Installing Speech Recognition Libraries in ROS

October 13, 2016 | Adam Allevato

This post describes how to set up speech recognition to be integrated with ROS, using the Sphinx libraries and custom code developed by human-robot interaction researchers at UT Austin and elsewhere.

Platform: Ubuntu 14.04

ROS Version: Indigo

  1. Download the CMU Sphinx library from this link. Choose the link for “sphinxbase-5-prealpha.tar.gz”, which is the Ubuntu source. Extract the folder into an existing catkin workspace, in a special subdirectory for speech, say, ~/catkin_ws/src/speech/sphinxbase.

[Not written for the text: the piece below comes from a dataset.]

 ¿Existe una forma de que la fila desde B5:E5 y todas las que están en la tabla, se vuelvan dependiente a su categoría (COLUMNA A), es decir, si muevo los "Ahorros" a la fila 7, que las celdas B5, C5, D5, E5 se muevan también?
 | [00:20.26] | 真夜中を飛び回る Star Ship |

  2. In general, we will follow these instructions, but we’re not using latest source, so our procedure is slightly different.
    • Enter your sphinxbase directory and run the following commands:

      ./autogen.sh
      ./configure
      make
      make check
      sudo make install
      
    • There is a good chance that you’ll have to install some packages (e.g. sudo apt-get install autoconf bison swig, which is what I had to install) to perform the ./autogen.sh step.

  3. Now we will follow similar steps for pocketsphinx. Download from this link. Choose “pocketsphinx-5-prealpha.tar.gz.” Extract to ~/catkin_ws/src/speech/pocketsphinx.

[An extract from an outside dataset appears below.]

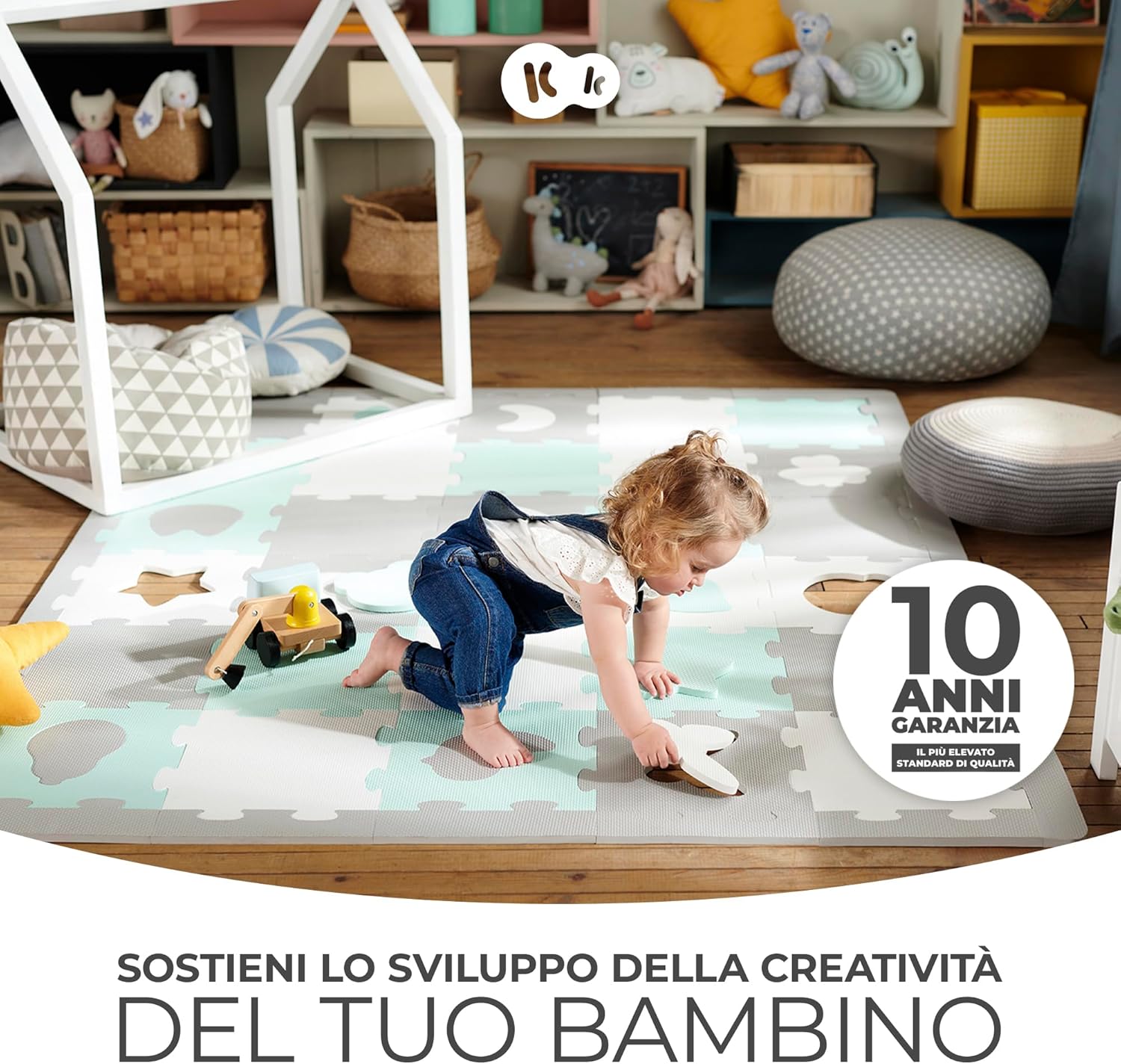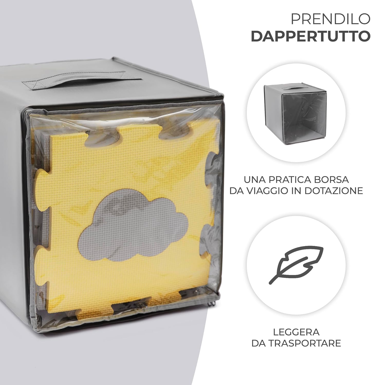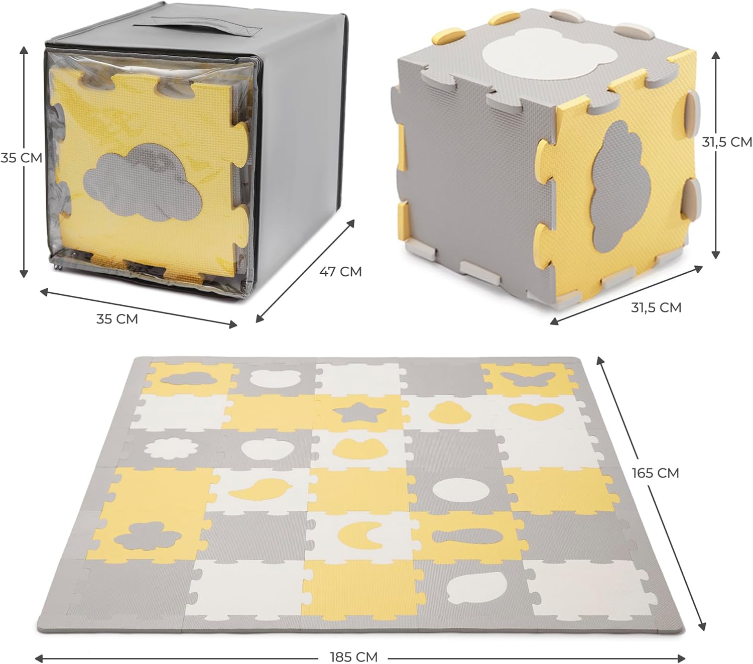 TAPPETINO DA GIOCO: LUNO SHAPES è molto spesso (1,2 cm). Fornisce un buon isolamento dal pavimento – sia che si tratti di piastrelle o di pannelli freddi. Inoltre, la superficie ruvida del puzzle protegge perfettamente il bambino e lo aiuta ad imparare a gattonare e a fare i primi passi. AMPIA AREA GIOCHI: Le dimensioni massime del tappetino misurano 185 x 165 cm. Combinando tutti o alcuni dei componenti, LUNO SHAPES si adatterà alle dimensioni della vostra casa e alle esigenze del bambino, regalandogli uno spazio sufficientemente ampio per sdraiarsi e giocare. 30 PEZZI DI PUZZLE: Il tappetino da gioco in schiuma LUNO SHAPES si compone di 30 pezzi di puzzle. 15 dei quali dispongono di forme ritagliate nel mezzo – che stimolano l’immaginazione del bambino e lo fanno divertire. I pezzi del puzzle possono essere disposti in qualsiasi modo e creare forme in 3D. FACILE DA SPOSTARE: Una volta chiuso, il tappetino da gioco occupa pochissimo spazio. Grazie alla possibilità di staccare i pezzi del puzzle e di metterli nella borsa, LUNO SHAPES ti accompagnerà ovunque. Il tappetino da gioco è leggero e puoi riporlo facilmente nell’armadio oppure sotto il letto. FACILE DA PULIRE: Grazie a LUNO SHAPES, anche dopo il divertimento più sfrenato non sarà difficile riordinare la stanza. Il tappetino da gioco è impermeabile e protegge dalle macchie di cibo e liquidi mantenendole in superficie. Basta pulire lo sporco con un panno e poi tornare a giocare.

  4. Generally follow the directions here. Run these commands in the pocketsphinx directory:

    ./autogen.sh
    ./configure
    make
    make check
    sudo make install
    
  5. Now we will install the HLP-R package. Go up one directory to ~/catkin_ws/src/speech and execute the following command:

    git clone https://github.com/HLP-R/hlpr_speech.git
    

This will create the hlpr_speech directory, which contains a catkin package.

  1. catkin_make your workspace.

  2. Source your workspace if you haven’t already.

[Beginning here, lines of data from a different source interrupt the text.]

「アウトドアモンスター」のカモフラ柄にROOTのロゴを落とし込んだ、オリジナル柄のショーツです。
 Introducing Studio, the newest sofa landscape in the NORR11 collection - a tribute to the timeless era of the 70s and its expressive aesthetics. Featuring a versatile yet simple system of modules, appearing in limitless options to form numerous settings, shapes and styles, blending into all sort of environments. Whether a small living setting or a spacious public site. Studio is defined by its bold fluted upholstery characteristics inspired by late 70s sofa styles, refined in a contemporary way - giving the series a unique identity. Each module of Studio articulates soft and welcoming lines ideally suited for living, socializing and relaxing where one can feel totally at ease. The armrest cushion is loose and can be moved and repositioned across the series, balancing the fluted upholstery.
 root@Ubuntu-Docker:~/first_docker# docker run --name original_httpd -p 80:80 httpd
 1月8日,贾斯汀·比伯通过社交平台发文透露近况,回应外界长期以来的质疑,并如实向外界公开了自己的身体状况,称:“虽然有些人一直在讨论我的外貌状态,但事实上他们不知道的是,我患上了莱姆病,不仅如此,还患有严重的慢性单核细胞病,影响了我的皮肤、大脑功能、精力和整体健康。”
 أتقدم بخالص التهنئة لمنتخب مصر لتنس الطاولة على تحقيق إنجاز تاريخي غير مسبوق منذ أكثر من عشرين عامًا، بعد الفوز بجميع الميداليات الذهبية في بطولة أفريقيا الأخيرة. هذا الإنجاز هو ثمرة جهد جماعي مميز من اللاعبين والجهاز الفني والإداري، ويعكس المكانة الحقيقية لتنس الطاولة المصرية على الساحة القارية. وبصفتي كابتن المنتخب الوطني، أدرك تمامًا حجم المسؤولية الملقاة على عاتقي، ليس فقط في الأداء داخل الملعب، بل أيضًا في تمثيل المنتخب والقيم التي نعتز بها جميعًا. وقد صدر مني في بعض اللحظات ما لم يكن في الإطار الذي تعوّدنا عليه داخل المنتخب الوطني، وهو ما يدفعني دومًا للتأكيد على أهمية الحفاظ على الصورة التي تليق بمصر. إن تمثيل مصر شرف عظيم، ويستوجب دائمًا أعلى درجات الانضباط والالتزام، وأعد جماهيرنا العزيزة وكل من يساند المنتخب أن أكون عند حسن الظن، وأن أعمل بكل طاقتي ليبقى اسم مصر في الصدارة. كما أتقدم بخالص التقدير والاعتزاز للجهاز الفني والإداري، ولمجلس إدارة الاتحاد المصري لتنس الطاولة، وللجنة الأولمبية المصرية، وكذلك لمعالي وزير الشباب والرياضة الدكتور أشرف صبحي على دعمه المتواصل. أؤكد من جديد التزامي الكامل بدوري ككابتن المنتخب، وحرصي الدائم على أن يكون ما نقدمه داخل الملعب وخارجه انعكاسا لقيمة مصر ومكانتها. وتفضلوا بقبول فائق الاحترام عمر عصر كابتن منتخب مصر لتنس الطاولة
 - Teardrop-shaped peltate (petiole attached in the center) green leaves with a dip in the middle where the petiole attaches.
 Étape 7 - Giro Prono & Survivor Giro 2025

  3. Set up your speech dictionary using CMU’s lmtool.

    • Go to the path ~/catkin_ws/src/speech/hlpr_speech/hlpr_speech_recognition/data and modify the files you find there. You can make new files if you wish, but you will have to modify the launch files to point to them. It’s easiest to just change the existing files.
    • Open kps.txt and put the commands you want to recognize in the file, one per line.
    • Save and upload kps.txt to the lmtool (link above), and press the COMPILE KNOWLEDGE BASE button.
    • After the files have been generated, download the XXXX.dic and XXXX.lm files. Rename them kps.dic and kps.lm, overwriting the existing files. You will have to build your own kps.yaml, using the existing file as a guide. kps.map is only necessary if you want to use the GUI (see below). If you need it, just copy the syntax of the existing .map file.

You are now ready to run speech recognition! There are two launch files included with HLP-R, but you should only ever use one of them:, speech_rec.launch, is what you will want to use for actual listening. It publishes detected speech commands to a ROS topic.

By default, the node will launch a GUI that allows voice commands to be simulated by clicking buttons. If you don’t need the gui, you can disable it with the parameter specified below. If you’re not using the GUI, you also don’t need to make a .map file, as the only purpose of the .map file is to determing the GUI buttons. To run the speech listener, run

   roslaunch hlpr_speech_recognition speech_rec.launch speech_gui:=false

You may have an error because you are missing pyaudio, or various other packages. If so, simply sudo apt-get install python-pyaudio and try again. Some people have reported having to add /usr/local/lib to your LD_LIBRARY_PATH:

   export LD_LIBRARY_PATH=/usr/local/lib

Happy speaking!